Настанет час, и мы предстанем все пред очами Судии. Придет век, и новое племя будет судить нас. О, конечно, на скамью подсудимых сядут не только Петерсы[213], но и миллионы Иванов и Петров. За все ответим: от «земгусаров» до незаменимых «спецов», от Гришки Распутина до чистеньких марксистов. Обвинители покажут нам карту великой России и горы маленьких детских трупиков. Мы ничего не ответим, в оправдание мы только протянем наши немощные руки, и все увидят, что мы не были способны на высокое злодеяние, а только на пьяный случайный выстрел. Пустые руки — ни меча, ни оливы, ни золотого снопа. Руки бездельников — ведь в эти годы, казалось бы, самого напряженного действия, мы ничего не делали и умудрились в адовом вихре сохранить мягкие пуховики.

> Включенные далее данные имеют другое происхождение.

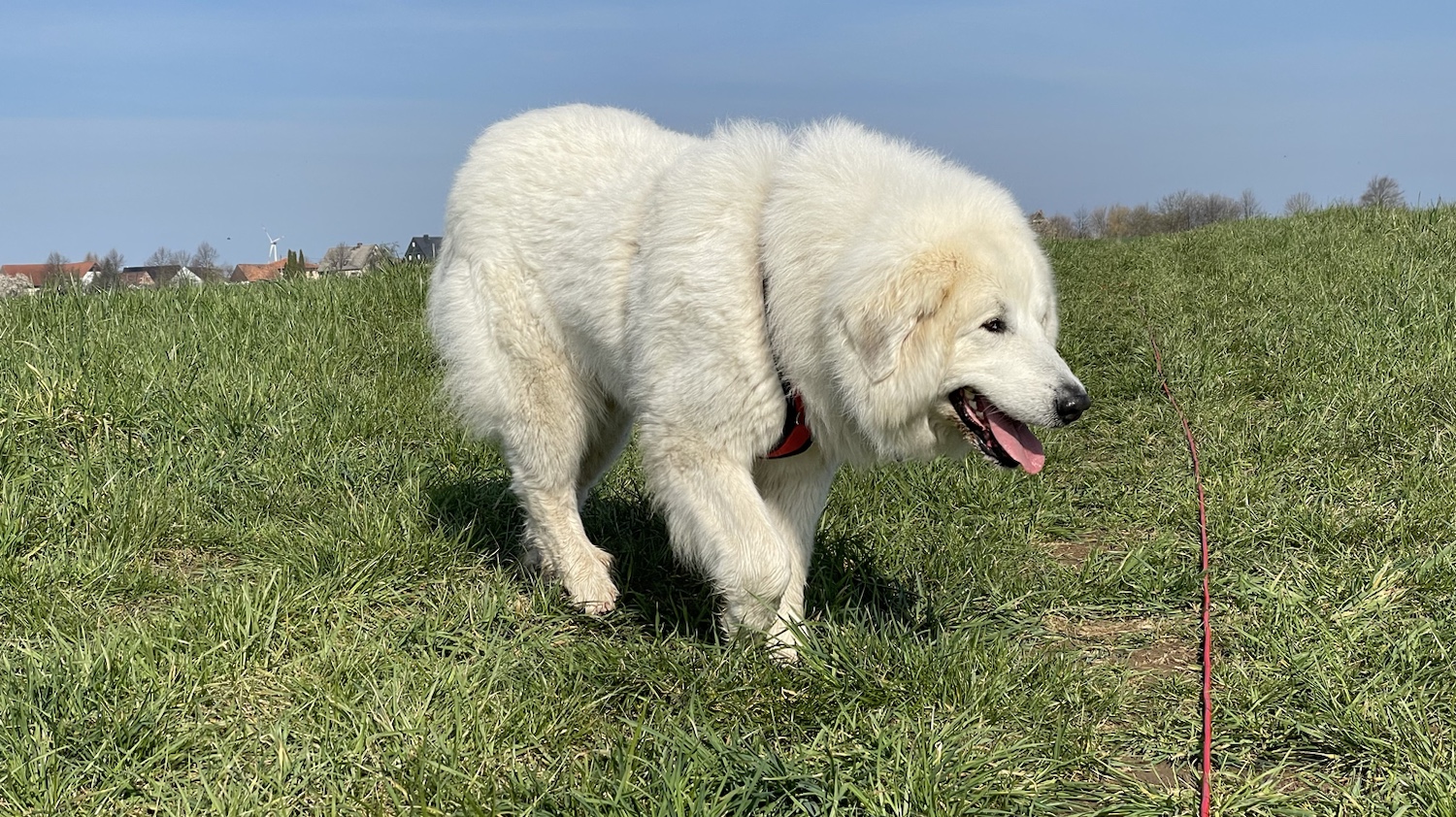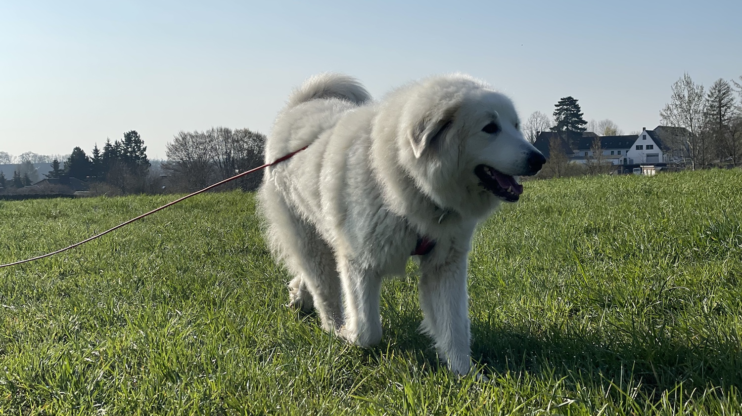 Zu Hause mußte ich dann unter die Dusche. Da hat mein großer Mensch meinen ganzen schönen Rehduft weggeduscht. Pitschnaß bin ich gewesen. Aber es war ja schönes Sonnenwetter, da bin ich ganz schnell wieder getrocknet. Eine ganz große Runde war das. 11 Kilometer. Das ist ganz schön viel für eine kleine Pyrenäenberghündin wie die Bella.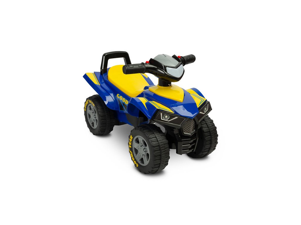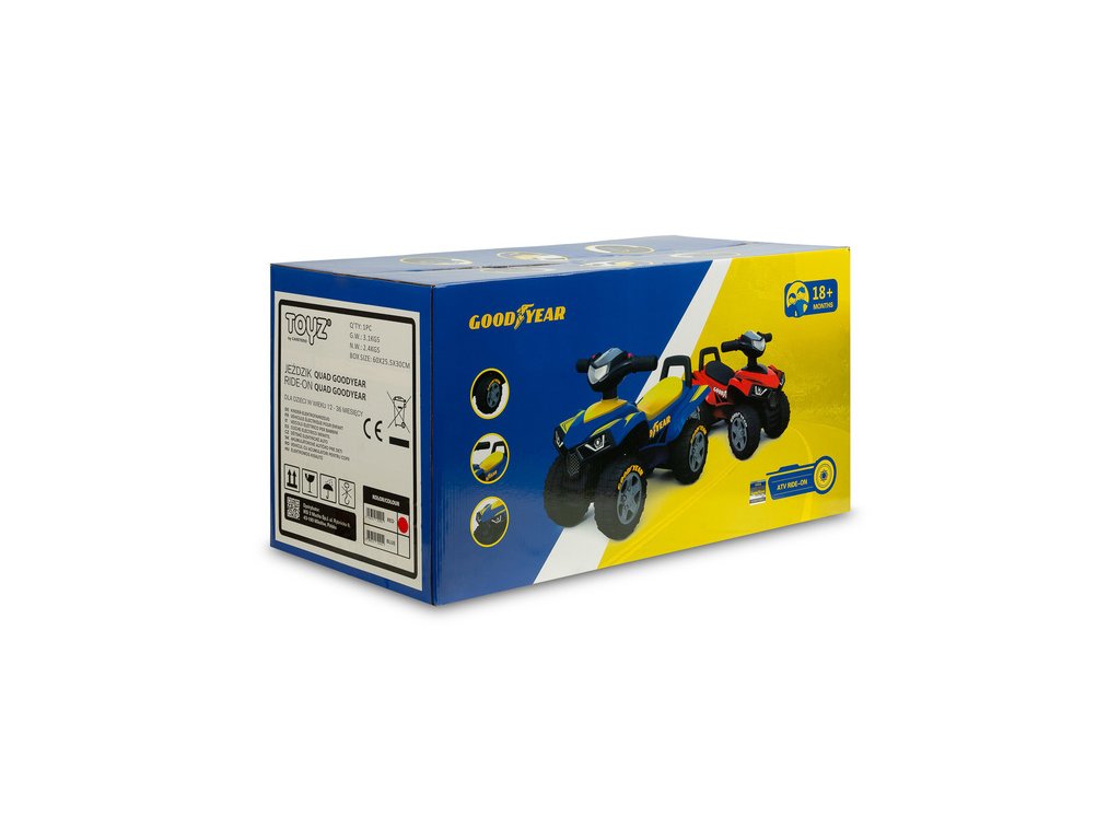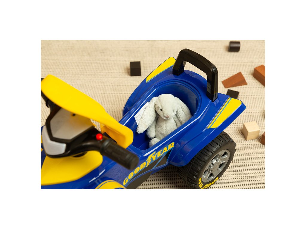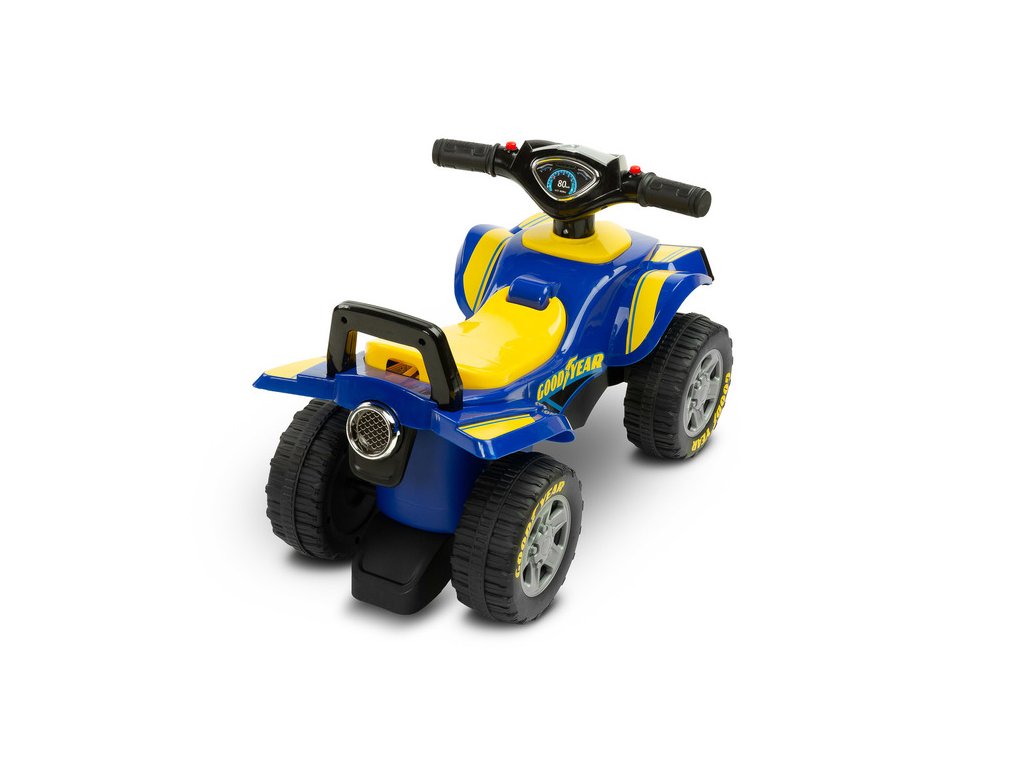 Čtyřkolka Goodyear od TOYZ je hračka určená pro děti ve věku od 1 do 3 let. Hračka ve tvaru čtyřkolového vozidla je vybavena volantem s tlačítky odpovědnými za zvuk houkačky a spuštění motoru. Výrobek je vyroben z vysoce kvalitních materiálů, což zaručuje jeho trvanlivost a spolehlivost. Hračka se snadno čistí a skladuje. Jízda má bezpečnostní zařízení, která zabraňují převrácení dozadu

Сила — дар божий, и героями рождаются: обрубки калеки, мычание заики, заячьи повадки труса вызывают не возмущение, но брезгливость. Быть может, дрогнут сердца судей, и кто-то шепнет милосердные слова: «заслуживает снисхождения». Но неумолимый прокурор тогда прибегнет к последнему средству. Он стащит с нас лохмотья и покажет миру — на груди, в ладанке с крестом, кощунственно припрятанные сальные «кредитки». О, конечно, вы ничего не умели — ни погубить, ни спасти, ни убить, ни умереть, — крохотные Пилаты с «подсвиченьями», «советскими удостоверениями» и наивными младенческими улыбочками. Но почему же вы так деловито, так настойчиво копили эти перевязанные ленточкой бумажки?
И тогда не будет ни милости, ни пощады. Тягче крови падут на роковые весы крохотные разноцветные билетики.

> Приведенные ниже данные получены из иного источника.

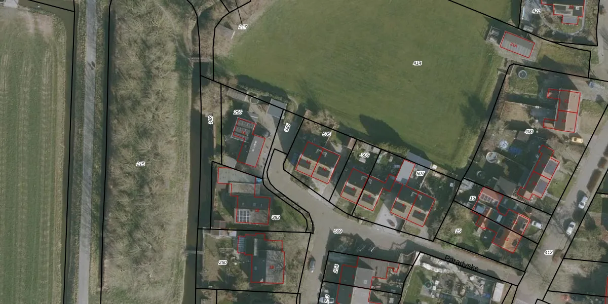 Het perceel waarop Paradyske 12 staat heeft een oppervlakte van 385 m². Dit is een groot perceel. De perceeloppervlakte wordt geregistreerd door het Kadaster. Gedetailleerde informatie over de maten van dit perceel kunt u vinden in het rapport Kadastrale kaart met maatvoering van Paradyske 12.

Какое мерзкое противоречие. Люди подняли бунт против «капитализма» для того, чтобы вечерами считать керенки. Никогда так не обличали деньги, но и никогда так не жаждали их. Провозгласили мир и начали работать пулеметами, низвергли «капитал» и принялись печатать оптом и в розницу миллионы бумажек.
Все меньше и меньше стоят эти бумажки, и порой собирание их напоминает страсть гимназистика к коллекционированию почтовых марок. Но жаждой тупой и страшной заражены все классы, все партии, вся Россия.
Кто-то борется, за что-то умирает, но коллекционер интересуется своим делом: советские бы сбыть… а что если керенки аннулируют… большевики придут, — Господи, донские! И страшное дело братоубийства, ночные пытки чрезвычаек творятся под мерный шелест кредиток, облигаций, купонов.
«Дайте хлеба!» — просили мы, голодные, в деревне у каждых ворот. Смилостивились: «Что ж, сотню выкладайте, только хорошими».
В прошлом году в Москве, пришли в квартиру, где я жил, матросы. Говорили хоть и не по шаблону, но возвышенно: «Крови попили? Будет! Теперь всем жить! Долой капитал!» Очень капиталом возмущались, а между прочим у старой бабки-прислуги отобрали четыреста целковых «царских». Недавно в мою квартиру пришел налетчик. Тоже очень негодовал: «Христа распяли! Россию продали!», а потом сразу деловито спросил: «Что, этот портсигар серебряный?»…
Российская революция оставляет истории не кровожадного Дантона, не мечтателя Демулена[214], не титана Наполеона, но табуны спекулянтов, мешочников и «мирных обывателей», хранящих строго две вещи: нейтралитет и «трудовые сбережения».
Может быть, в Судный день мы нашими бедствиями и слезами смягчим сердце Господне, растрогаем взыскательных внуков. Может быть, простят нам и разодранную карту империи, и подвалы Садовой, и все камни крестного пути России. Но грязной, захватанной керенки, вырученной за нательный крестик убитой матери, не простят.
Об украинском искусстве
Как-то весной пришлось мне беседовать с одним украинским писателем, вождем киевской литературной молодежи. Сначала все шло по-хорошему — мы оба «душу облегчали», жалуясь друг другу на невежество и деспотизм идеологов «пролетарской культуры». Потом заговорили о нашем завтрашнем дне, и собеседник мой резко изменился. Человек высоко культурный, он в своей ненависти к русскому началу дошел до восхваления коновальцевской войны с твердыми знаками[215].
«Яд в малых дозах может явиться целительным, и мы должны привить народу яд шовинизма», — говорил он. Его возмущали не только та или иная форма государственного устроения России, но и русская культура, русская интеллигенция, русский язык. Он готов был за дурной нрав какого-нибудь исправника мстить Достоевскому и, узнав о закрытии украинской газеты, отрицать Пушкина. Он был не одинок, и, к прискорбию, слишком часто украинскими культурными деятелями руководила, в лучшем случае, слепота сектанта из лозаннского кафе, в худшем — политический авантюризм.